Several groups have recorded electroencephalograms (EEGs) in sleeping asthmatic patients and noted the stage when patients awoke with attacks of asthma. A suggestion that patients awoke more often from REM sleep than would be expected by chance has not been confirmed, asthmatic attacks being randomly distributed throughout the stages of sleep in proportion to the amount of time spent in each sleep stage (Fig. 111-3).²² Esophageal pressure measurements suggest that pulmonary resistance does not differ between sleep stages.⁷ It thus appears unlikely that there is any difference in the degree of airway narrowing between sleep stages.
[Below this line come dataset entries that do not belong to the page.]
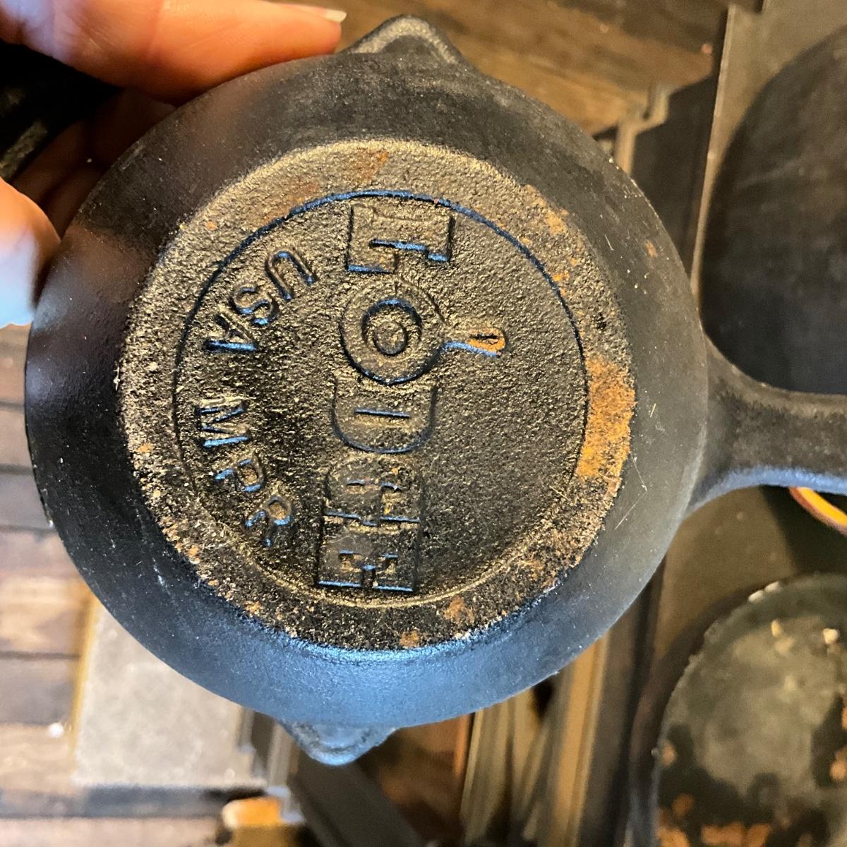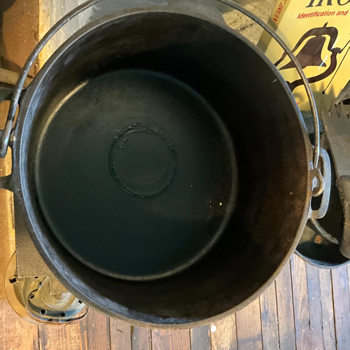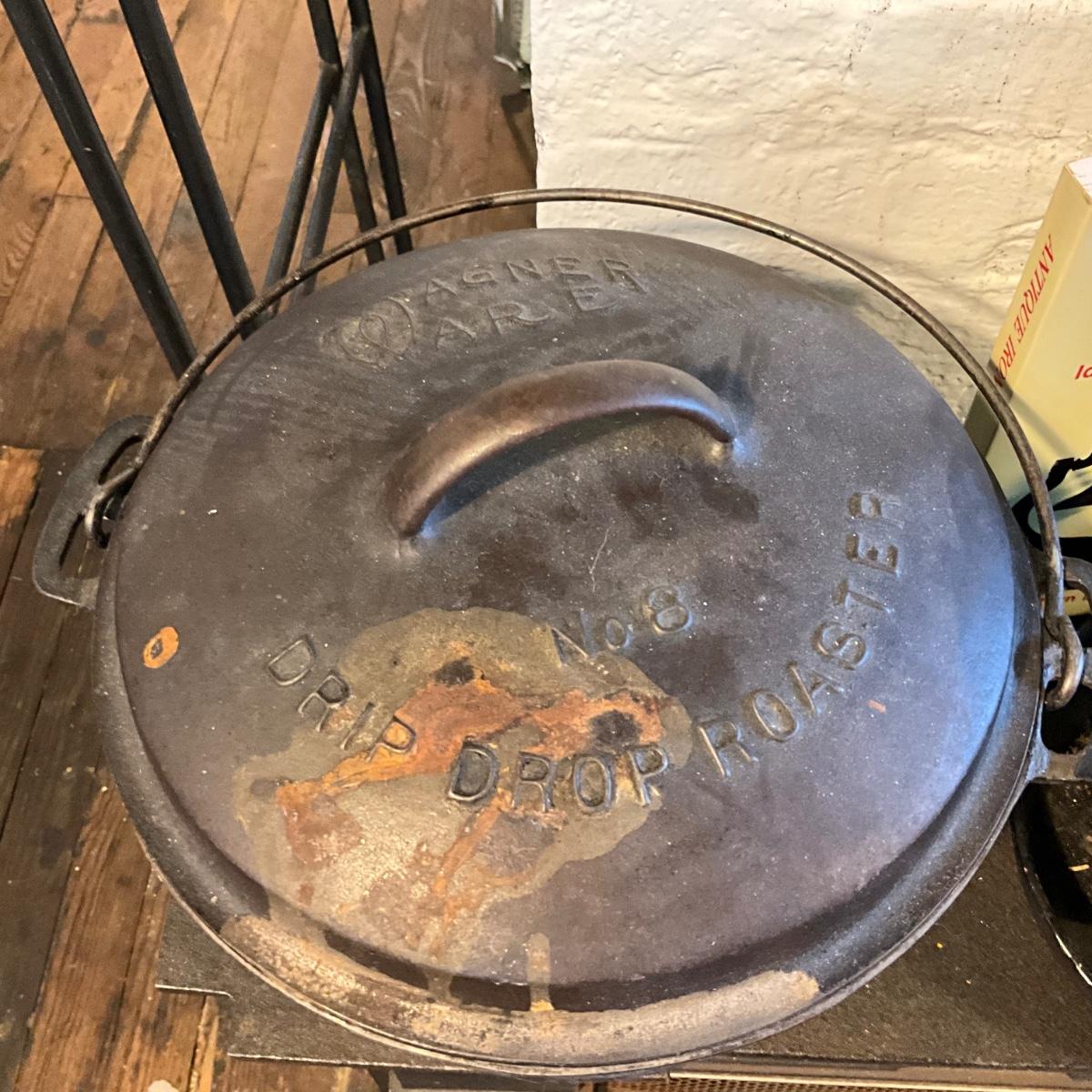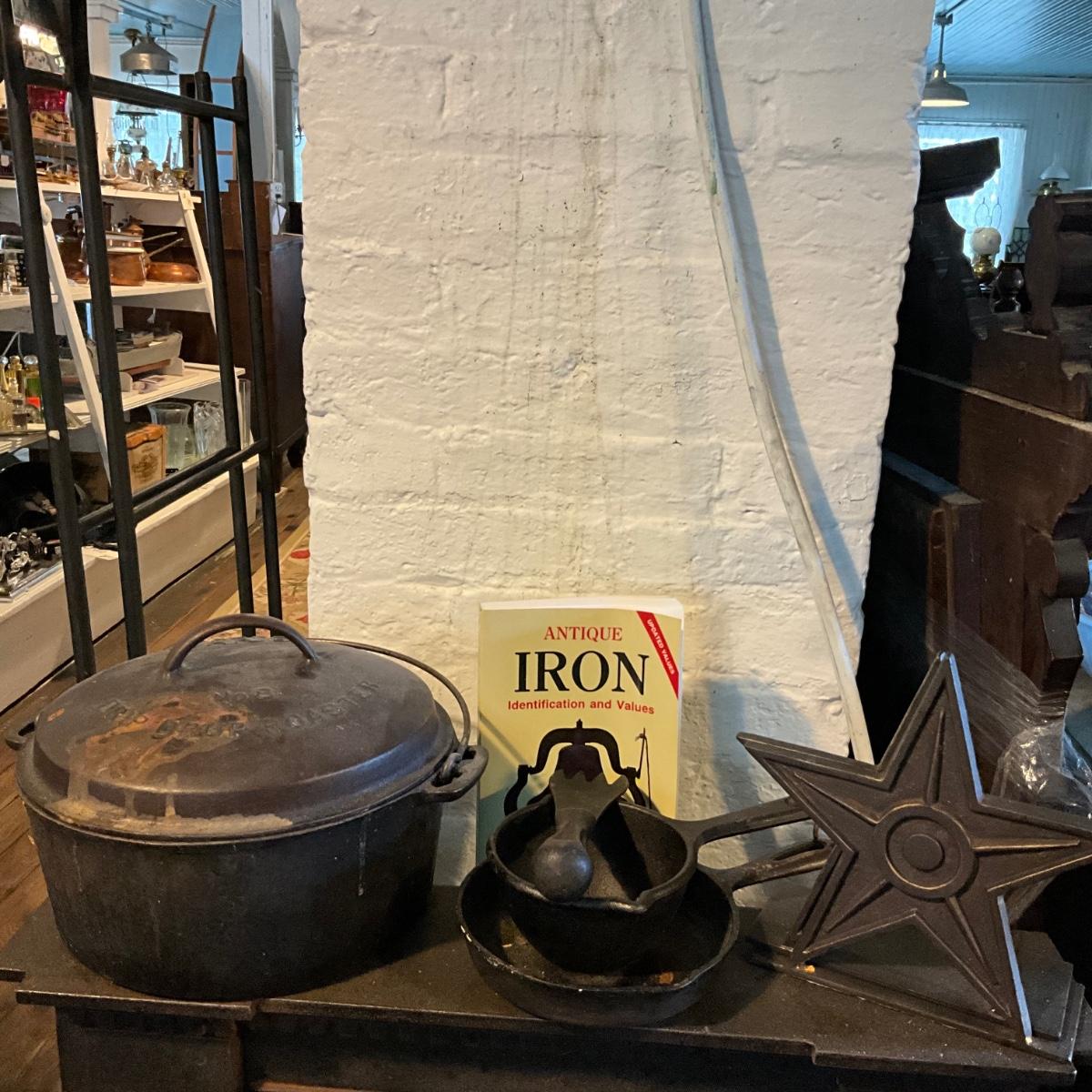 #8 wagnerware cast iron pot , with Antique Iron Book, Ice shaver , two small skillet one is 6.5" diameter, one is lodge ,
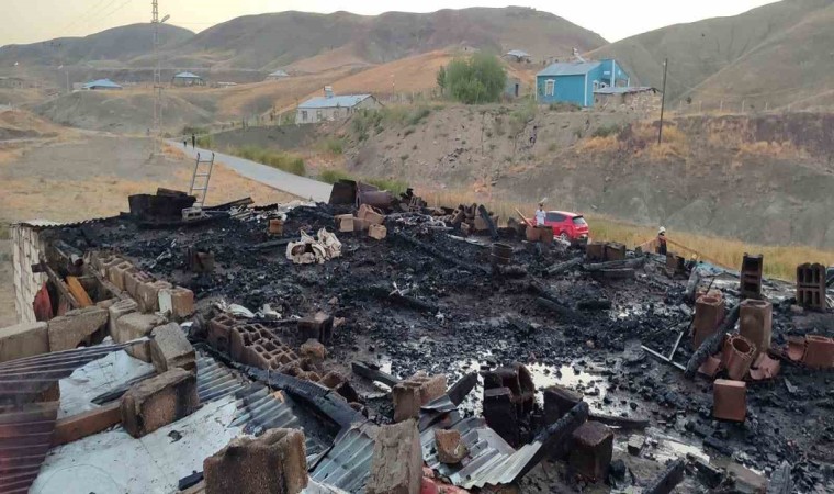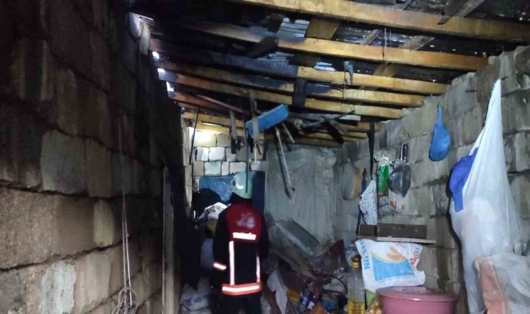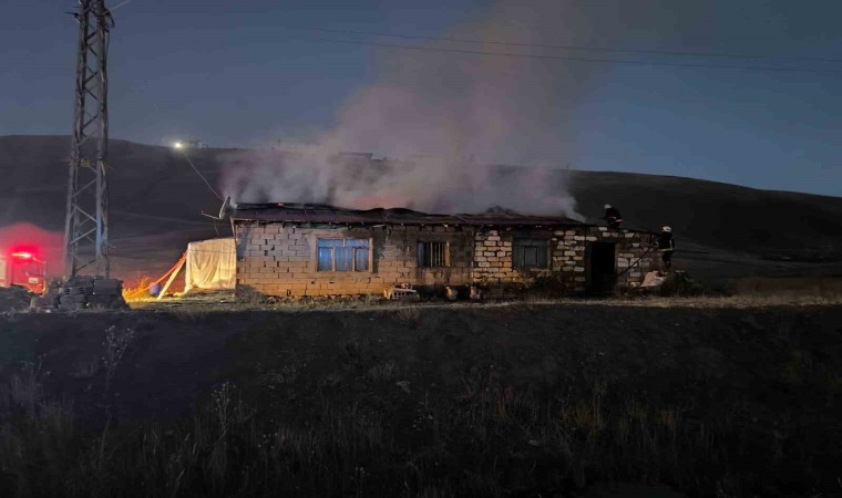 Van’ın Tuşba ilçesinde çıkan yangında bir evin çatısı tamamen yandı.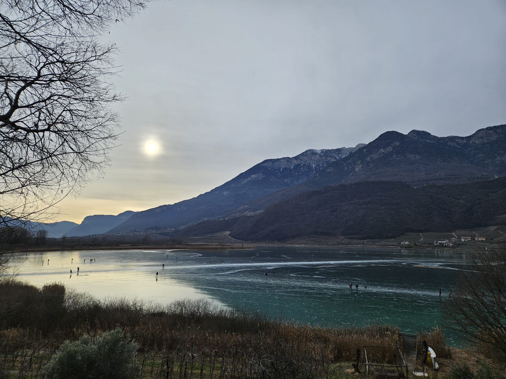 Kaltern – Der Kalterer See zeigt sich derzeit von seiner winterlichen Seite: Seit einigen Tagen ist die Wasseroberfläche größtenteils zugefroren. Erste Schlittschuhläufer haben sich bereits Anfang der Woche aufs Eis gewagt. Mittlerweile sind ihnen viele gefolgt.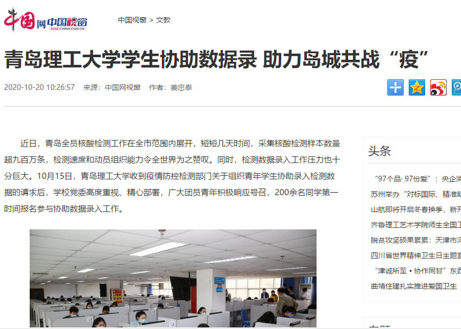 近日,青岛全员核酸检测工作在全市范围内展开,短短几天时间,采集核酸检测样本数量超九百万条,检测速度和动员组织能力令全世界为之赞叹。同时,检测数据录入工作压力也十分巨大。10月15日,365完美体育收到疫情防控检测部门关于组织青年学生协助录入检测数据的请求后,学校党委高度重视、精心部署,广大团员青年积极响应号召,200余名同学第一时间报名参与协助数据录入工作。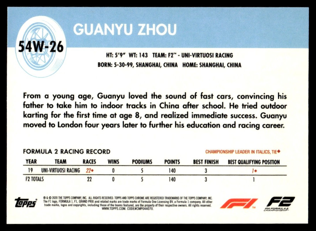 | 2020 Topps Chrome Formula 1 Refractor Guanyu Zhou Uni-Virtuosi Racing F2 #54W-26 |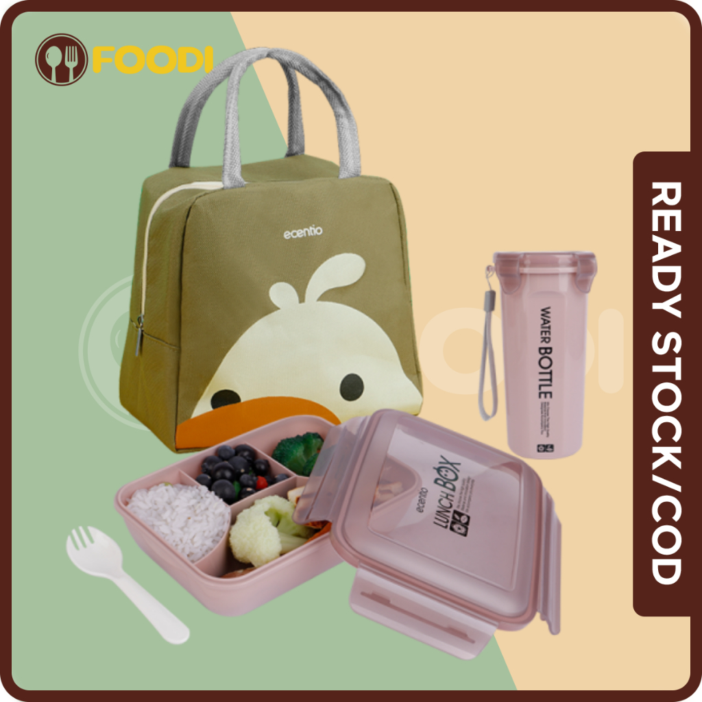 Perlengkapan Rumah > Peralatan Dapur > Tempat Penyimpanan Makanan > FOODI Lunch Bento Box anak Set 4 Sekat 1100ml tas bekal makanan dan botol minum 500ml 3 pcs/Tempat Makan anti tumpah/Free Sendok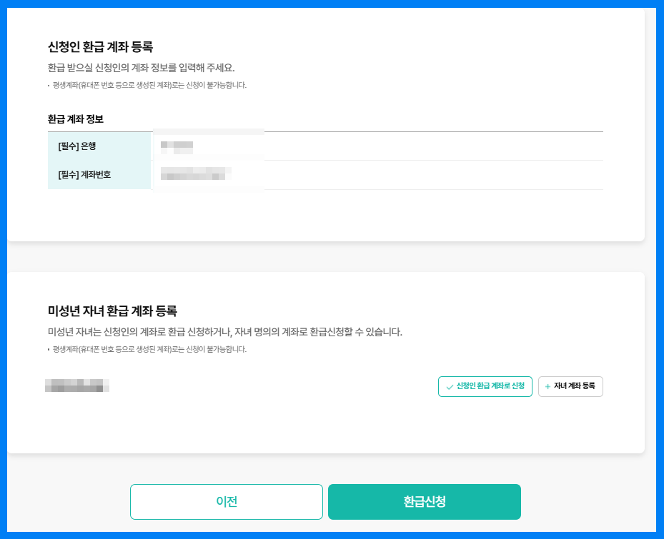 6. 환불받을 계좌를 선택합니다. 그럼 신청이 완료됩니다.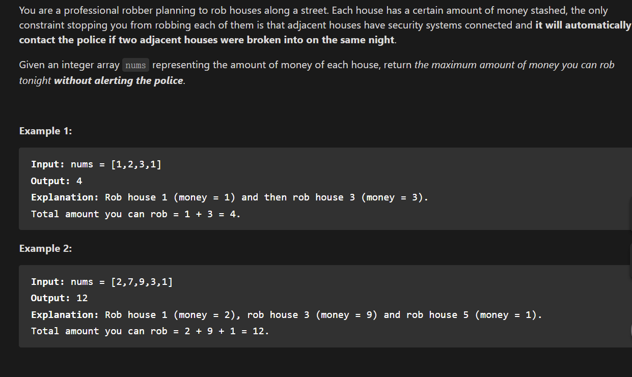 Explanation: You cannot rob house 1 (money = 2) and then rob house 3 (money = 2), because they are adjacent houses.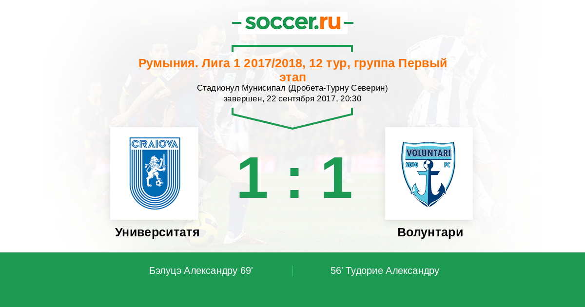 Университатя Крайова - Волунтари: обзор матча 22 сентября 2017
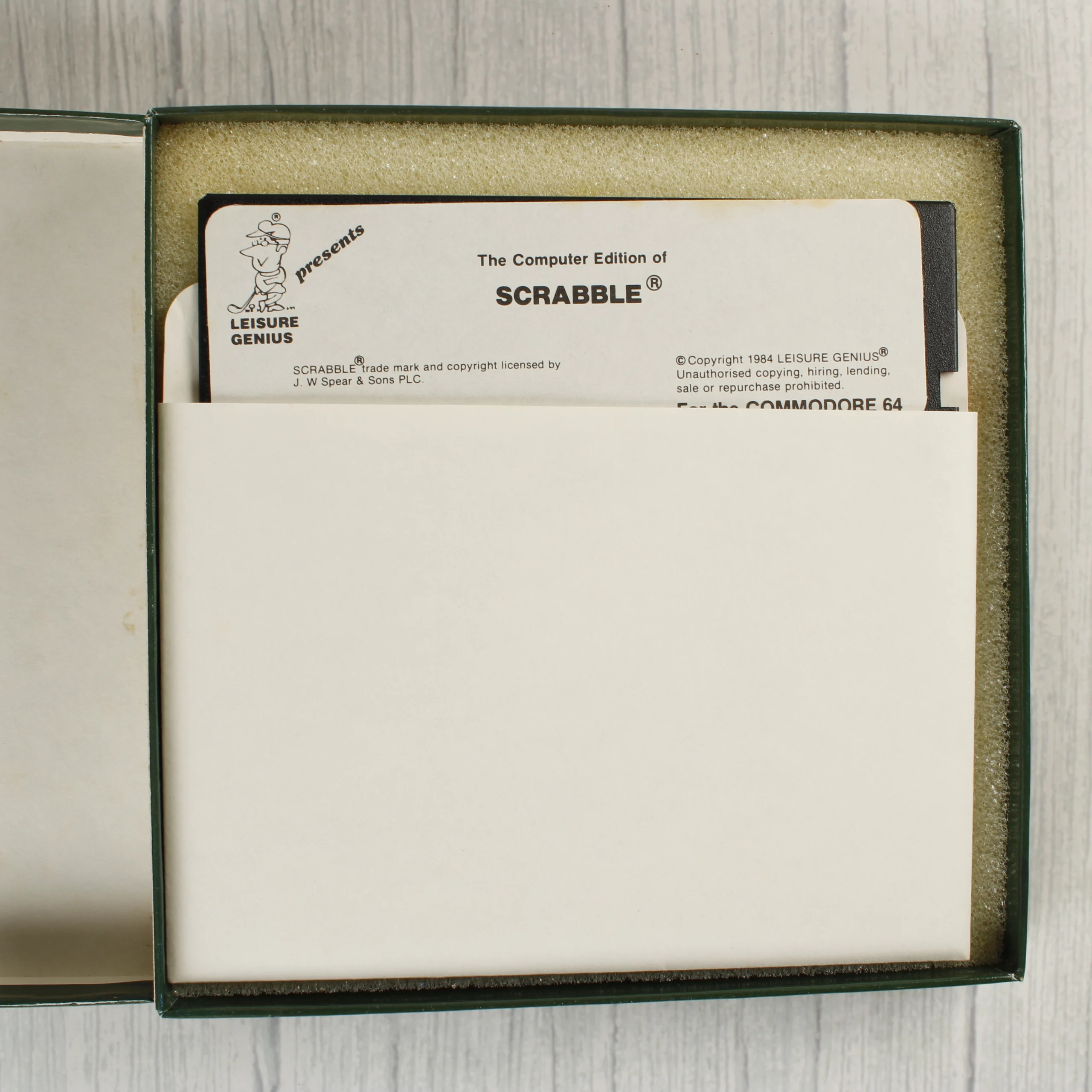 Scrabble, Commodore 64, C64, Leisure Genius, videójáték, retro, floppy lemez, 5.25 col

Figure 111-3 Comparison of percentage of night spent in each sleep stage with percentage of asthmatic awakenings from that stage. The asthmatic attack frequency was proportional to the frequency of each sleep stage.

(Redrawn from Kales A, Beall GN, Bajor GF, et al. Sleep studies in asthmatic adults: relationship of attacks to sleep stage and time of night. J Allergy 1968;41:164-173.)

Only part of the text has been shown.